The Replacement
By
Noah Matthews
Copyright 2008
The smell was unbelievable. I had been warned by a deputy sheriff about the smell, and the flies – hundreds of them. The largest flies I had ever seen – desperate, frantic black dots, hundreds dead, hundreds dying. But no warning could prepare me for this assault, this stench of wet leather and rot, so powerful that it temporarily immobilized me. I struggled to breathe through my mouth, to rationalize the affront. The room around me began to cry out with memories from the past – of a trick or treat night when I peed in my plastic dime store costume because I was too afraid to ask to use the restroom, of being stripped naked to reveal melted flesh from an overturned percolator filled with boiling coffee that had landed in my lap, of a resurrection plant that browned, greened, and browned again in an endless cycle all contained in a glass bowl with a tan and cream seashell and a discarded belt buckle, of the grate in the center of the floor that imprinted little squares on the bottoms of my feet and covered a coal-fired furnace below that glowed with the fires of hell and the acrid smell of sulfur, of a rainy afternoon spent with my grandmother urging her to draw chickens on the back of a used envelope – the only thing she could draw, while she complained that when I leaned on her lap, my elbows were too sharp, of the sun pouring into the room through the open screenless door as I bathed outside in the lawn in a galvanized steel tub with cold water run from a hose and pumped from a spring otherwise used to water the cattle.

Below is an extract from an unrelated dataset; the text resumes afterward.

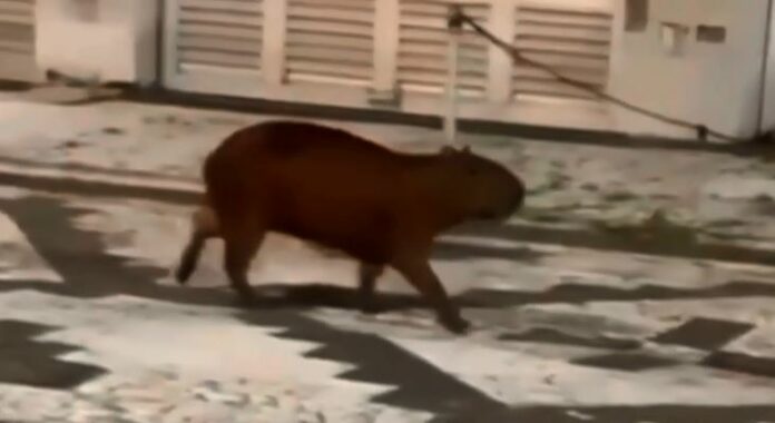 A cidade de Guarujá, litoral paulista, recebeu uma vizinha inesperada no fim de semana. Uma capivara foi flagrada andando pelas ruas, no bairro Pitangueiras.
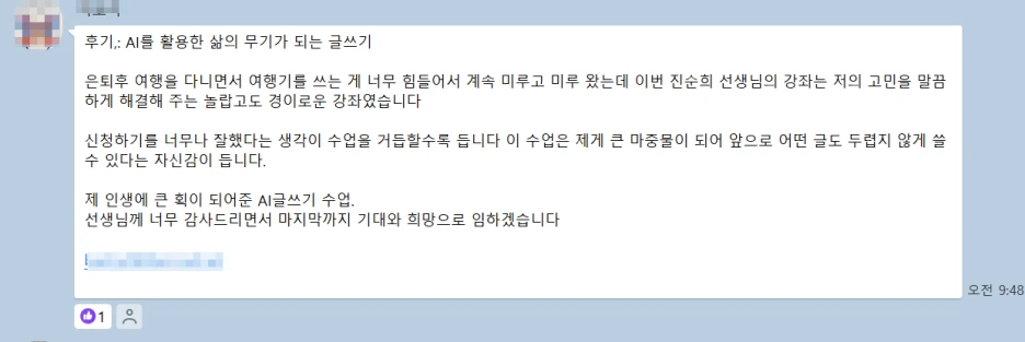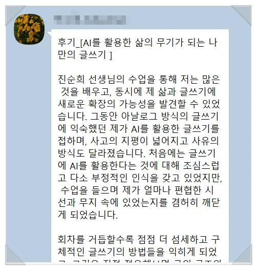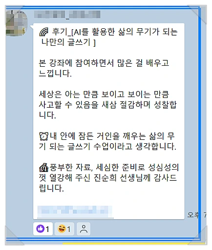 제 인생에 큰 획이 되어준 AI글쓰기 수업. 선생님께 너무 감사드리면서 마지막까지 기대와 희망으로 임하겠습니다

“In this heat, the body had liquefied so it made quite a mess. You’re gonna want to get that linoleum out of there. Do you want me to help?” The coroner stood unfazed, picking at his teeth with a book of matches before awkwardly shoving them into his shirt pocket. The biggest fly I had ever seen landed and danced above his upper lip. He made no effort to swat it but instead tolerated it until it buzzed mindlessly away.
“That’s OK. I’ll manage.” My vibrato was false and he knew it. He turned without another word and moved to the kitchen, me closely behind him. The stench rose to my open mouth and lay like exposed bowel on my tongue. My stomach lurched in protest and I moved to the back door, opened it, and stood gulping air. Behind me the floor, layer upon layer of cracked, curled, and worn linoleum, was awash in liquid death. My God in heaven is this what becomes of our flesh after only five short days? Five hot, country August days behind closed doors and plastic-covered windows is enough to reduce us to a pool of flesh and liquids. All our laughter, joys, triumphs, battles, sins, victories, failures – our days reduced to this.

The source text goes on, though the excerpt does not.